Islamic State militants have destroyed ancient remains of the 2,000-year-old city of Hatra in northern Iraq, the tourism and antiquities ministry said.
An official said the ministry had received reports from its employees in the northern city of Mosul, which is under the control of the radical Islamist group, that the site at Hatra had been demolished on Saturday.
The official said it was difficult to confirm the reports and the ministry had not received any pictures showing the extent of the damage at Hatra, which was named a world heritage site in 1987.
But a resident in the area said he heard a powerful explosion early on Saturday and said that other people nearby had reported that Islamic State militants had destroyed some of the larger buildings in Hatra and were bulldozing other parts.

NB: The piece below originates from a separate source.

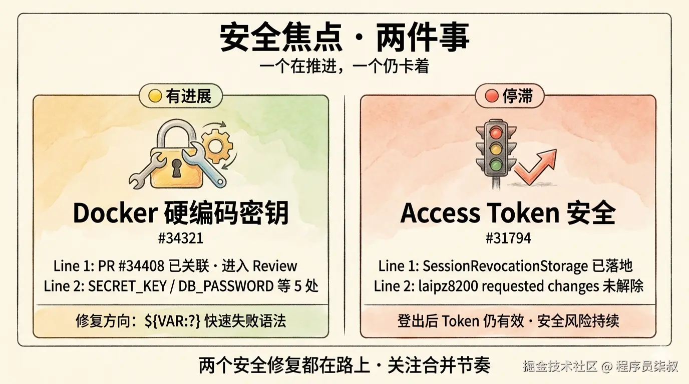 | 安全进展 | #34321 硬编码密钥 PR #34408 关联;#31794 仍待 laipz8200 解锁 |
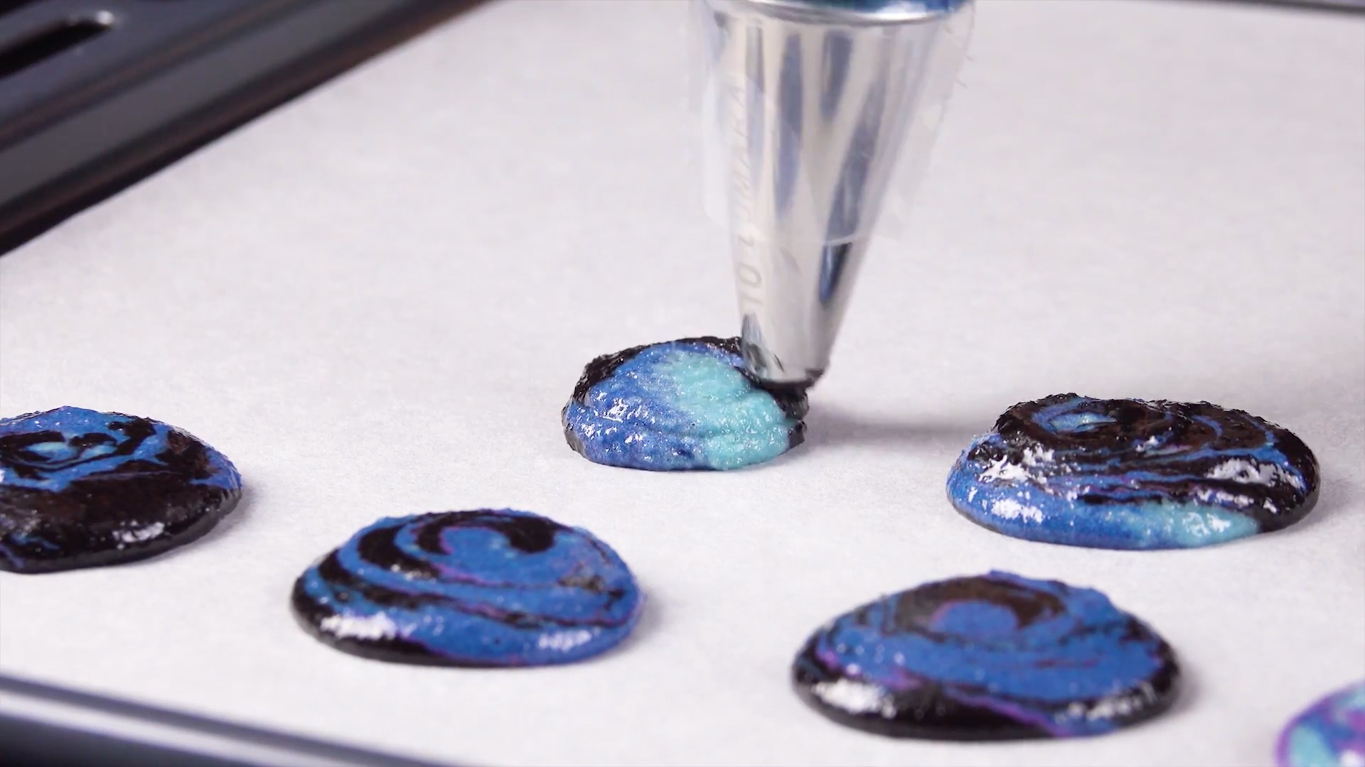 4.) Setze mit dem Spritzbeutel kleine Macarons auf ein mit Backpapier ausgelegtes Blech. Drehe dabei den Spritzbeutel jeweils in einer Spiralbewegung. Bei 150 °C Ober- und Unterhitze backst du die Macarons für 13 Minuten.

Hatra lies about 110km (70 miles) south of Mosul, the largest city under Islamic State control. A week ago the militants released a video showing them smashing statues and carvings in the city’s museum, home to priceless Assyrian and Hellenistic artefacts dating back 3,000 years.
On Thursday they attacked the remains of the Assyrian city of Nimrud, south of Mosul, with bulldozers. The United Nations cultural agency UNESCO condemned the actions as "cultural cleansing" and said they amounted to war crimes.
Hatra dates back 2,000 years to the Seleucid empire which controlled a large part of the ancient world conquered by Alexander the Great. It is famous for its striking pillared temple at the centre of a sprawling archaeological site.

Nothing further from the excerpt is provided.